Cost Tracking Per Agent and Per Task

Every heartbeat run records:

Input tokens — how many tokens were sent to the LLM
Output tokens — how many tokens the LLM generated
Estimated cost — calculated from the model's per-token pricing
Duration — how long the execution took

This data is visible on the agent profile page (per-agent breakdown) and on each issue (per-task cost). The War Room shows aggregate spend and top spenders.
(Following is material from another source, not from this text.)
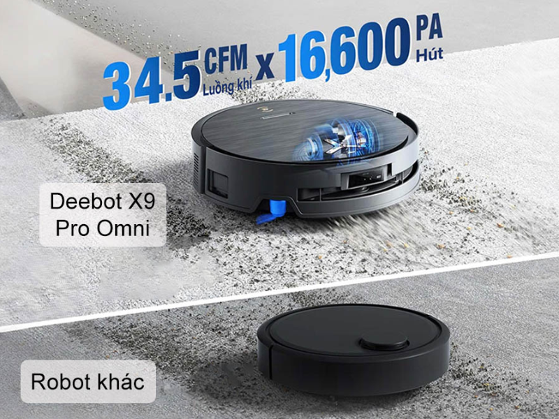 Cùng với đó, Ecovacs X9 Pro Omni còn được trang bị viên pin Pouch chuẩn EV với dung lượng 6.400mAh, có tuổi thọ cao gấp 2.4 lần pin truyền thống. Nhờ sự kết hợp này, robot đạt lưu lượng khí lên đến 16.3 lít/giây, tương đương khoảng 34.5 CFM, cao hơn 49% so với các hệ thống hút bụi thông thường. Đặc biệt, lực hút cực đại 16.600Pa giúp X9 Pro Omni loại bỏ bụi bẩn nhanh chóng, đồng thời cải thiện hiệu suất hút sâu trên thảm tới 137.6%. Không chỉ bụi mịn mà cả mảnh vụn lớn cũng được thu gom triệt để mà không để lại cặn bẩn.

Tips for Optimizing LLM Costs

Use smaller models for routine work. The Senior Engineer doesn't need Claude Opus for formatting a README — Claude Haiku or GPT-4o-mini works fine. Configure lighter models for agents doing simple tasks.
Scope tasks tightly. "Fix the login bug in auth.ts" costs less than "Review the entire codebase and fix any bugs you find." Smaller task scope means fewer tokens.
Use the CFO agent. The CFO role is designed to monitor spend. Deploy one and let it review cost reports and recommend optimizations.
Set per-agent budgets. If you know your engineer should cost ~$50/month, set a per-agent budget. This prevents any single agent from consuming the entire company budget.
Review run transcripts. If an agent is expensive, check its run transcripts to see if it's doing unnecessary work (reading too many files, generating overly verbose responses).